Happy New Year. Winter is here and so is my Busy Season.
I think this is the first year in a long time that I did not get one single item of clothing for Christmas or purchase clothing between Christmas and New Year’s.
That’s not a bad thing.
After the failed ban last year and my splurges on the latter half of 2019 I feel like something’s clicked. Sure there are some things I’d like, but when I’ve actively gone out looking for them I end up leaving empty-handed with an “eh” kinda feeling. Of course that doesn’t mean I won’t buy something later, but right now I’m liking my devil-may-care attitude that I don’t need anything.
Despite the few things that I think I may like, I’m quite stable and happy with what I have and rotate out everything regularly. Granted, it’s been a mild winter so far, which may be factoring into why I’m ok with everything as is.
So far this year I have made other purchases than clothing. I bought new pillows and am waiting for them to arrive. They are nice hotel-style pillows so they were more expensive than the average pillow. Although I’m not entirely certain what “average” pricing is for a pillow since I’ve not bought any in several years. $20? $30? The ones I got were on sale. Hopefully they’ll work out for me.

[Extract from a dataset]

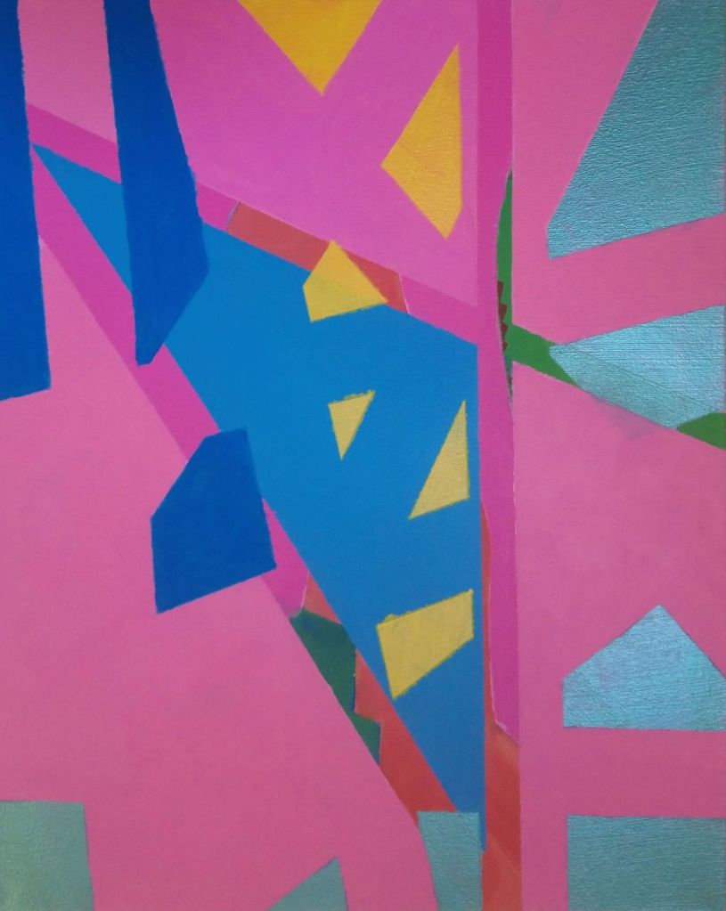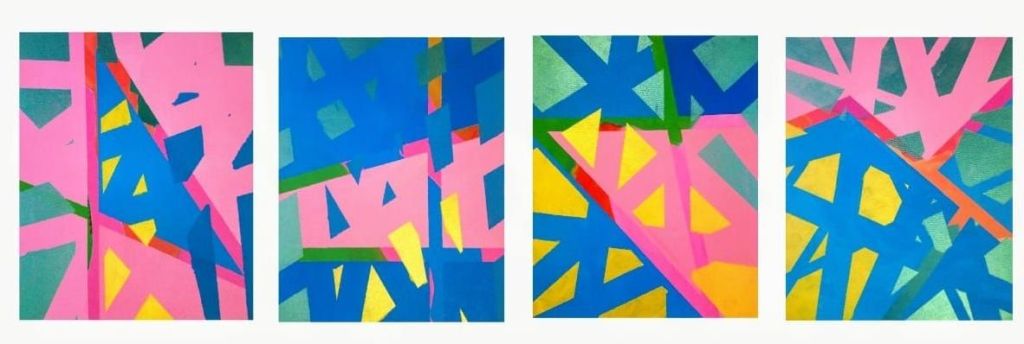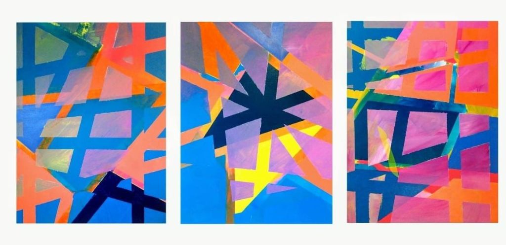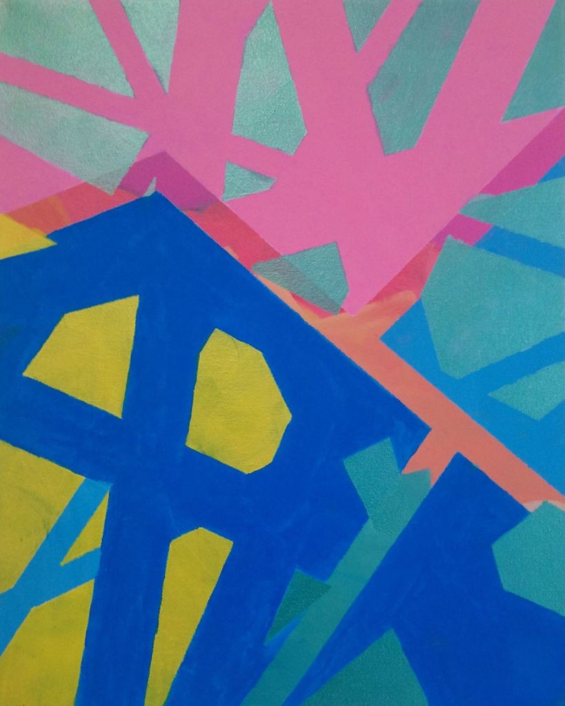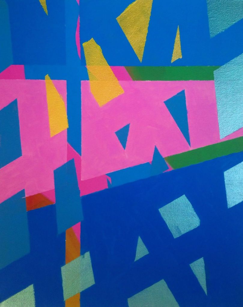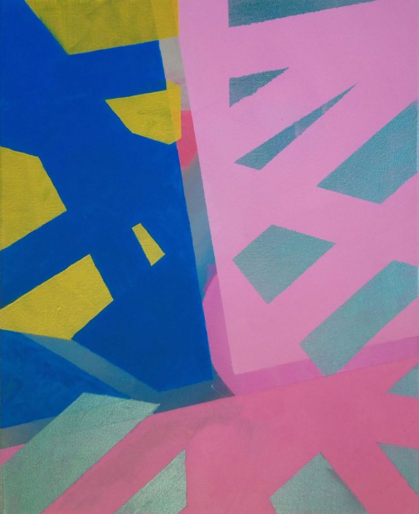 These are a continuation of the Skylights/Set 1 & Set 2 work. Painted in acrylic I used simple tape masks and layers of paint on top of each other to create an illusion of depth, or ‘looking through’ in the use of colour, whilst remaining resolutely flat.
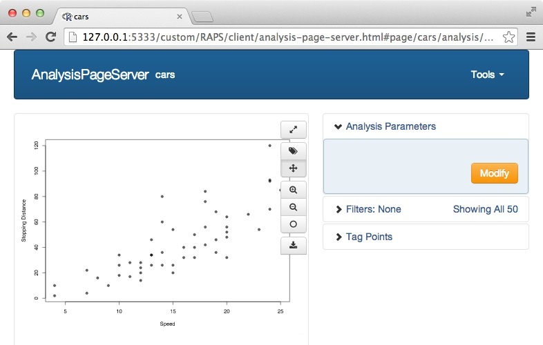 The interactivites discussed on the Interactivity documentation page, including roll-over, filtering, zooming, tagging and download, are all available with this deployment. Since they are described in detail there no more will be said about them here. What's new is the "Analysis Parameters" section, which is a condensed version of the primary parmeter area and lets the user see the inputs to the function. This section can also be used to repeat the analysis with modified parameters. First, click on Modify:

I’m also waiting on a new desk. I’ve been journal writing a lot more lately and want to set up a proper space for myself to write. I got a Polaroid mobile printer for Christmas that makes little picture stickers from photos on my phone (or photos I took with my camera that are on my phone via iCloud…) Having little 2×3 photos to add to my journal entries is nice. It’s like adding photos to a blog, but I’m literally adding them to my private journal. For a while I thought: then why don’t I just blog more? Well, I realized I need a place to write strictly for myself. Adding some visuals helps keep me motivated. Also, I bought a ton of stickers. I don’t even care how silly it is that a 44 year old woman picks out stickers to add to her journal entries. Even when I write about depressing or angering things there’s something hilarious about adding a frowny face sticker or stickers of clouds to put the reality of what I’m writing into perspective. And that’s what I think I need more than anything else. Put it down – outside of myself – but don’t try to treat any of it like the end of the world.
I’m in for a whole world of hurt coming up at work. It’ll be hell for at least two months and I think I’m mentally preparing myself by creating a safe haven for myself to write and keep my sanity.
I have realized one thing so far this year – I already spend way too much money on Amazon purchases. It’s too easy because I have prime membership. That’ll be something to curb this year. In order to do so I think I’ll do monthly spending tracking posts. That ought to be rather eye-opening.
I do need to buy a chair for my new desk. Right now my desk is a ten year old IKEA Ingo dining room table. My current “chair” is an Ikea storage ottoman with a pillow on top for added cushioning. Once I get the new desk with a better height for writing I’ll definitely need a better chair. Any suggestions? While I know a computer chair is the standard, I’m more open to other options. Also, I’m trying to stay away from getting a black chair.